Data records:
========================================

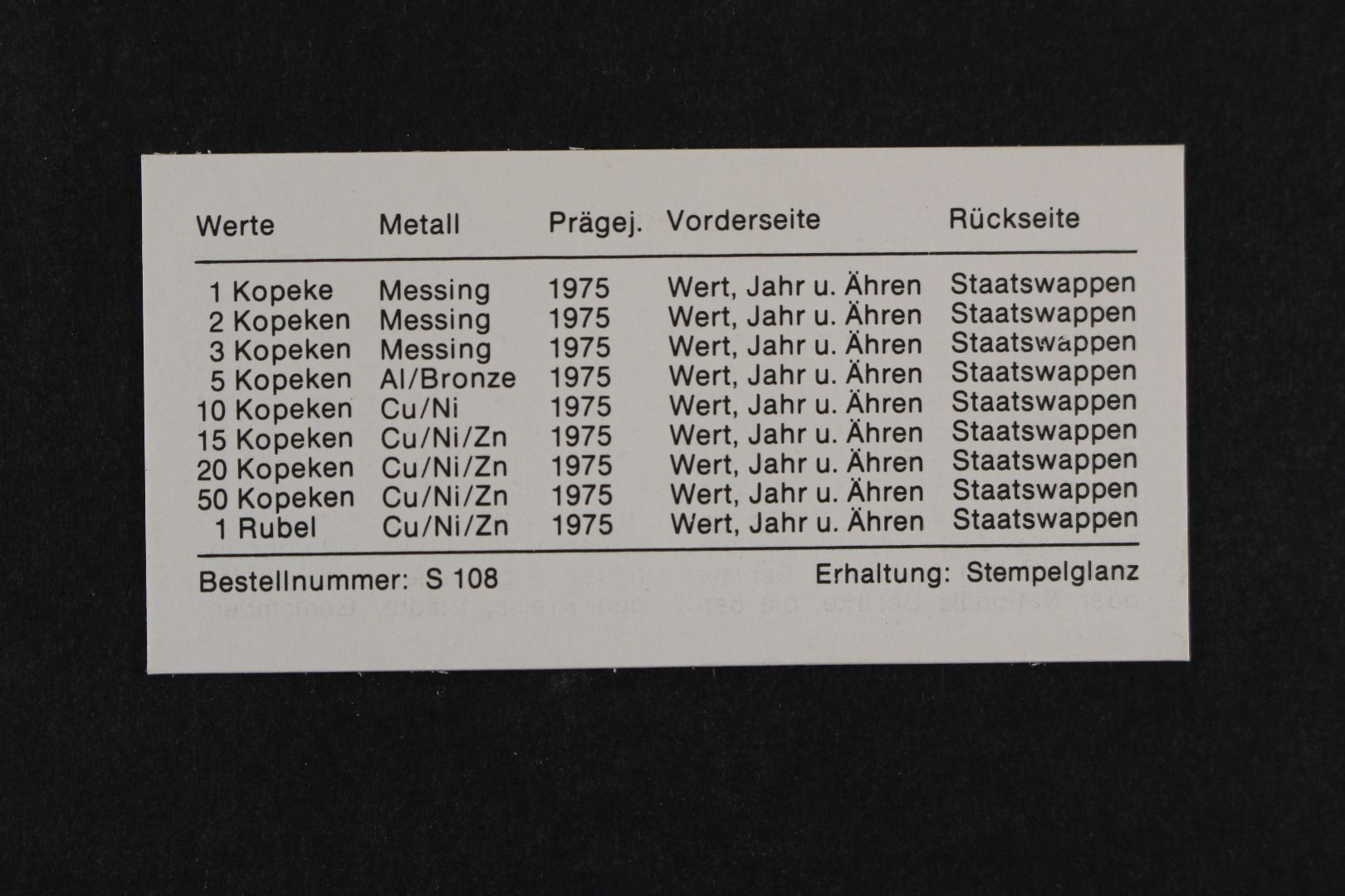 1 Kopeke bis 1 Rubel + Leningrad Plakette. Die Hartplastikverpackung ist einwandfrei, einige Münzen sind angelaufen.
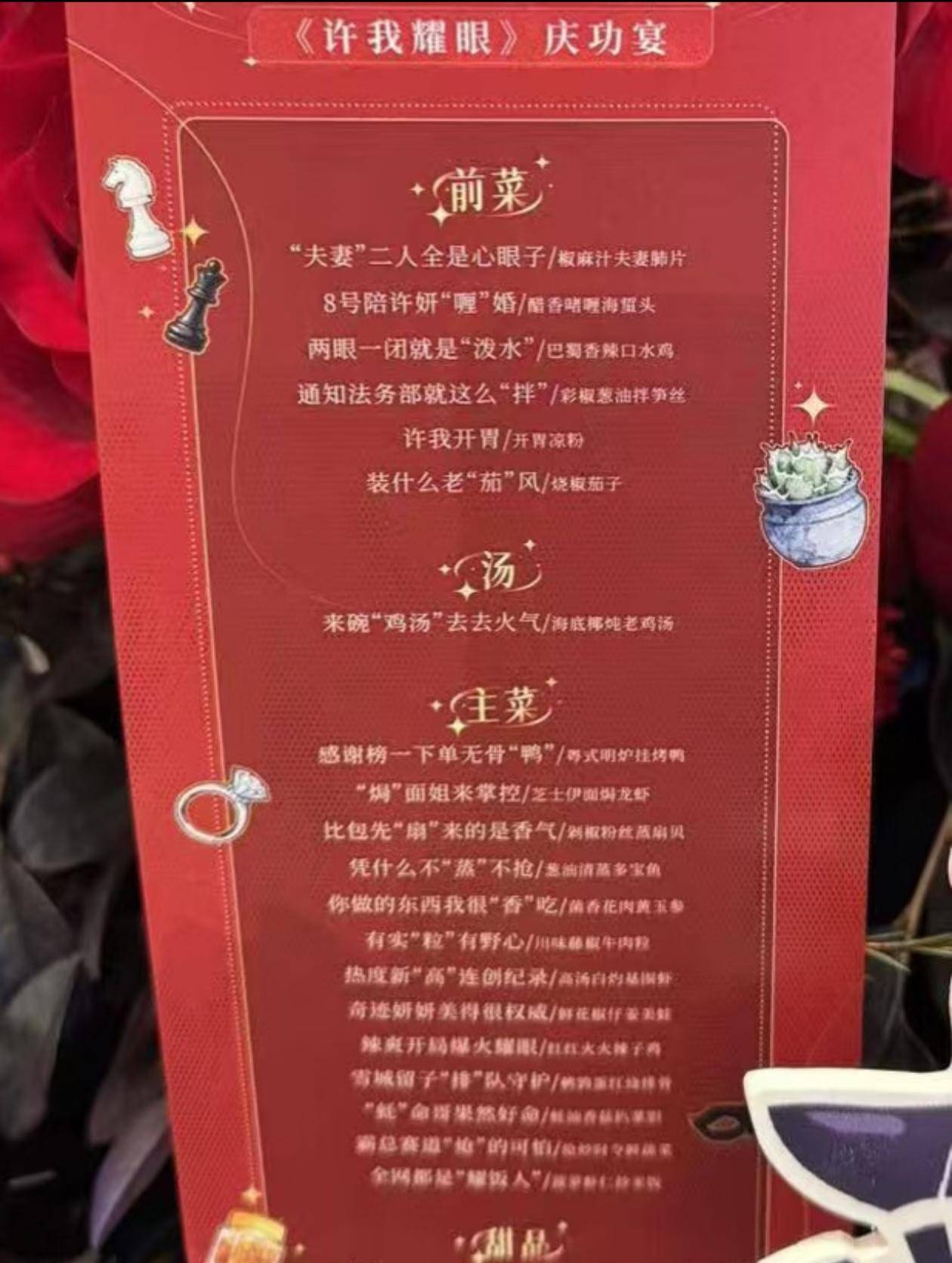 这场宴会除了演员以外,庆功宴菜单也特别有意思。
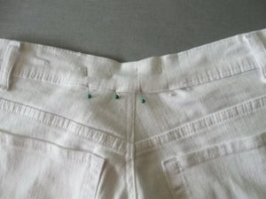 Можете да намалите колана на дънките и в същото време да шиете продукта в глутеалната зона, като замените задния шев с цип. В този случай трябва да се запасите със следните артикули:
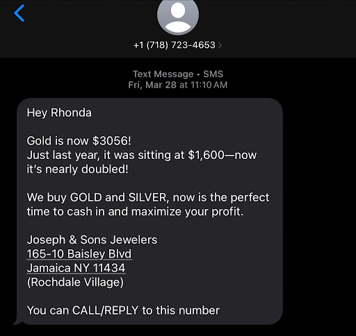 I visited Joseph & Sons on Friday 3/28 after receiving a promo text about gold buying rates.(screenshot attached) I brought in a 14k gold pendant & matching chain in perfect condition I previously purchased from their store & two small pieces of body jewelry.
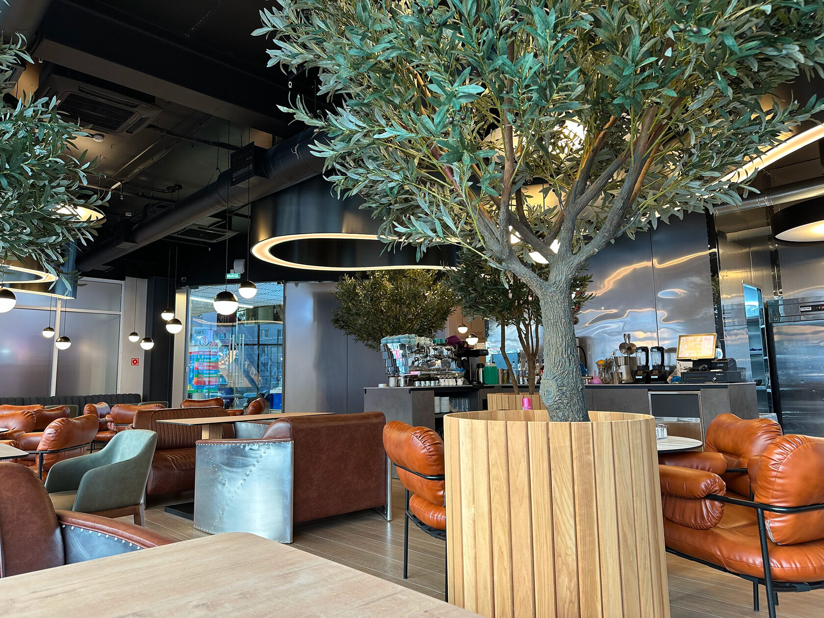 Светильники криволинейной формы на потолке сделаны с помощью декоративных панелей NEO металлической серии, артикул 702.
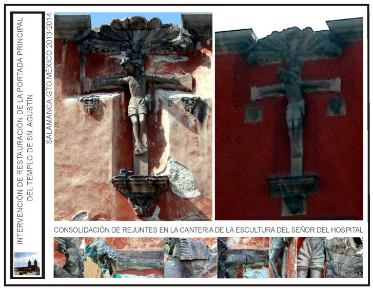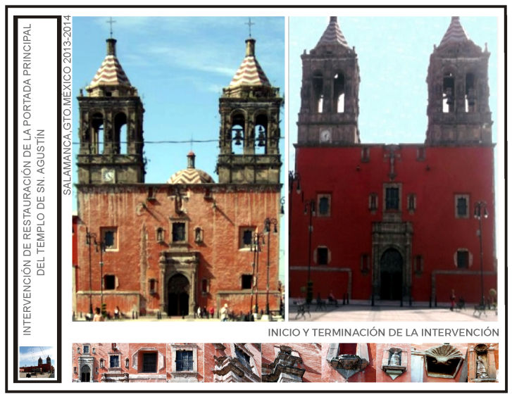 Intervención de restauración de la portada principal del templo de “San Agustín” y la reposición de aplanados y pintura de su fachada oriente en la ciudad de Salamanca, Gto.

========================================

## Task prompt
All lines from the one containing "Светильники криволинейной формы" to the end of the entries should appear in the output exactly as written, with no pictures.

## Solution for this problem
 Светильники криволинейной формы на потолке сделаны с помощью декоративных панелей NEO металлической серии, артикул 702.
 Intervención de restauración de la portada principal del templo de “San Agustín” y la reposición de aplanados y pintura de su fachada oriente en la ciudad de Salamanca, Gto.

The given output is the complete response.